How Voice AI Ordering Platforms Handle Payments — And Why It's Broken

By Shuttle Team, February 28, 2026

Voice AI Can Take the Order. It Can't Take the Payment.

Voice AI for restaurant ordering is one of the fastest-growing categories in foodtech. SoundHound is in 10,000+ locations. ConverseNow powers Panera and Checkers. Kea, Loman, VOICEplug, Tarro, Checkmate, and a wave of startups funded in 2024-2025 are racing to automate phone orders for restaurants.

The AI is getting good at taking orders. It handles menu questions, customisations, upsells. It works 24/7. It doesn't put callers on hold. Some platforms report 95%+ order accuracy and 26% increases in phone order revenue.
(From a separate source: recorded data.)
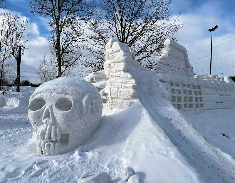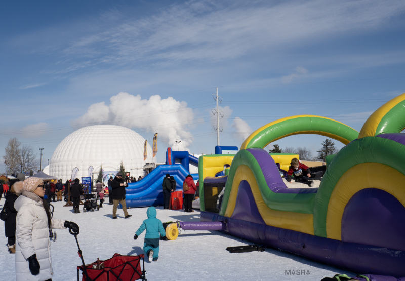 Glissade géante, jeux gonflables, fermette MaJo, démonstration de bûcherons, mascottes, maquillage pour enfants et sculptures sur neige.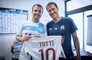 Twitter, il presidente francese Macron posa con Rudi Garcia e una maglia di Totti (FOTO)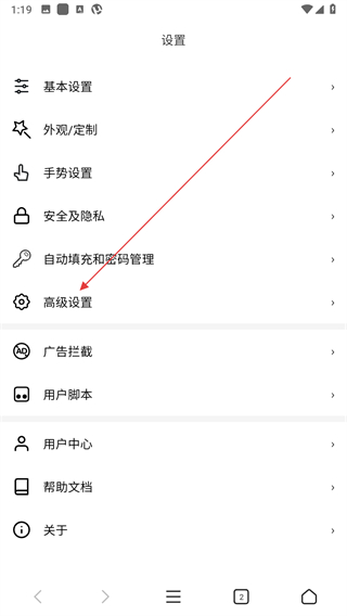 3、在设置页面中找到高级设置选项并点击,进入高级设置。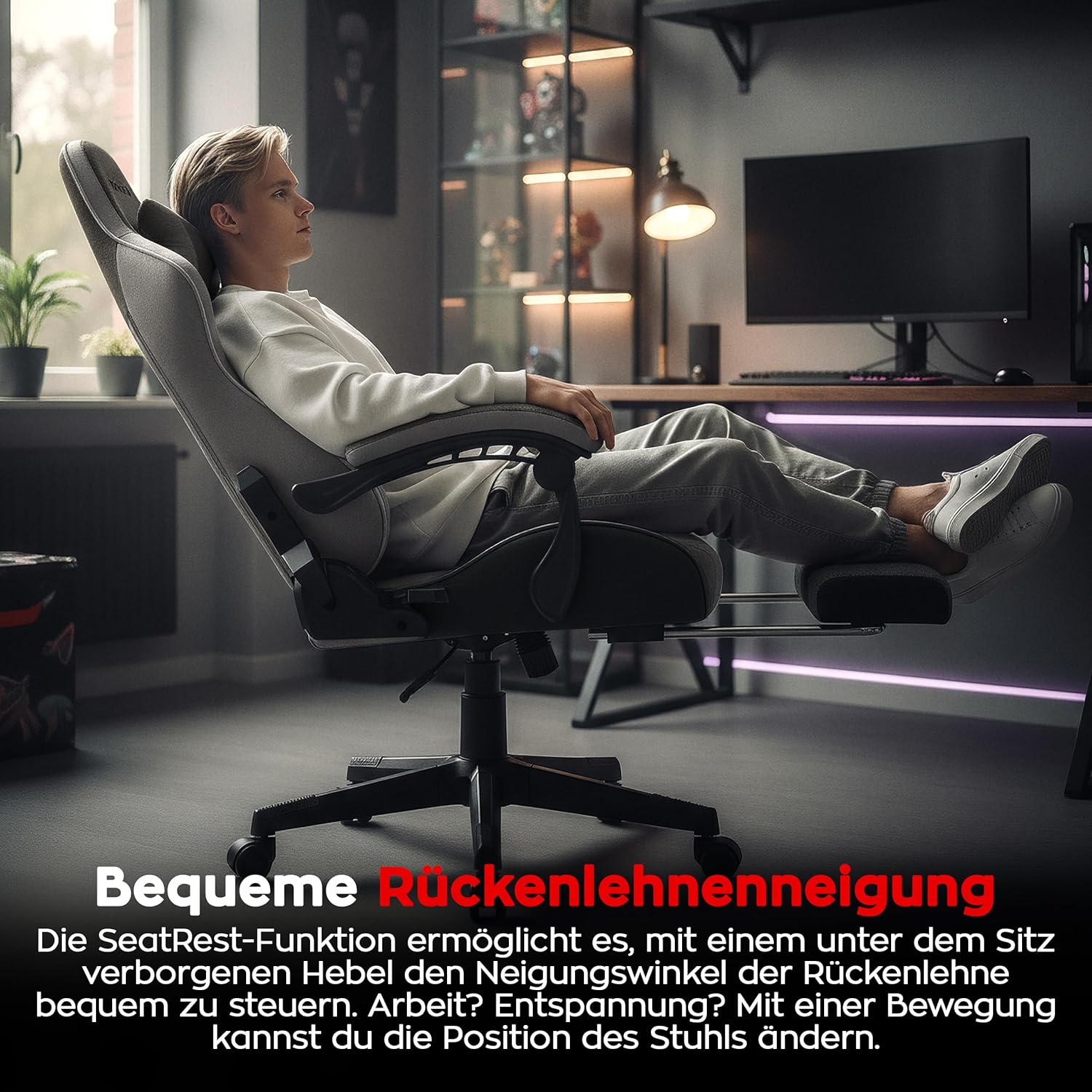 - 🕹️ Verstellbare Armlehnen: Ideal für präzises Gaming und entspanntes Sitzen

But every one of these platforms hits the same wall: when the customer wants to pay by card, the AI can't handle it.

Not because the AI isn't capable. Because payment capture over voice is a PCI compliance nightmare, and no voice AI company wants to own that problem.

So they work around it. And every workaround is broken in a different way.
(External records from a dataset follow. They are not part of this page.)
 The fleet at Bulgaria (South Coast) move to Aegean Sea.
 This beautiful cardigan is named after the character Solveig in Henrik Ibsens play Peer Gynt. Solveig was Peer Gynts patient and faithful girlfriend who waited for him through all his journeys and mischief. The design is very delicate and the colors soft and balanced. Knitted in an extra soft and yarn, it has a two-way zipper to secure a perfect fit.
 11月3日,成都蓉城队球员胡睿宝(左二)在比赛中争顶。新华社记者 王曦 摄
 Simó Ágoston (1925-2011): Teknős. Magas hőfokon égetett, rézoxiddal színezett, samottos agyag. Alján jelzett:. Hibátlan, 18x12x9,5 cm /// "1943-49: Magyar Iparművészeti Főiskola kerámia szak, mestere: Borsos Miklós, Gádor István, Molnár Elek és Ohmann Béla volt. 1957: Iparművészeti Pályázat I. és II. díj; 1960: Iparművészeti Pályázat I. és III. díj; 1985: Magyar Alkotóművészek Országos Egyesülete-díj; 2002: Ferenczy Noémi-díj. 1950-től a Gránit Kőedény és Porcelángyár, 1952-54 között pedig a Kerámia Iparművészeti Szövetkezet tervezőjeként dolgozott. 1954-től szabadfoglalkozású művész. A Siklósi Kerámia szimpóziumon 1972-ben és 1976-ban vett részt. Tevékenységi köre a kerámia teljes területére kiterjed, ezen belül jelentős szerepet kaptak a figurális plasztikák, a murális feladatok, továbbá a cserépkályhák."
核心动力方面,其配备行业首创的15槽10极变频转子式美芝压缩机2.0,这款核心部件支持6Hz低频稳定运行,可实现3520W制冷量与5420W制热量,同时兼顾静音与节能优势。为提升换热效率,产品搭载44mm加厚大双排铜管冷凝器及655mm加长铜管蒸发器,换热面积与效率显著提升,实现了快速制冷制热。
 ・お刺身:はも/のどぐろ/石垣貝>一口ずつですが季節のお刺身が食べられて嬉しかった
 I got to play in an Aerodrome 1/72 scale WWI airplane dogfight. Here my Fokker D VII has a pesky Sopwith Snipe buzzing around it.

The Three Payment Patterns (And Why They All Have Problems)

Pattern 1: The SMS Payment Link Fallback

How it works: The AI takes the order over the phone. When it's time to pay, the system sends the customer an SMS with a payment link. The customer hangs up (or stays on the line), opens the link on their phone, and enters their card details on a web checkout page.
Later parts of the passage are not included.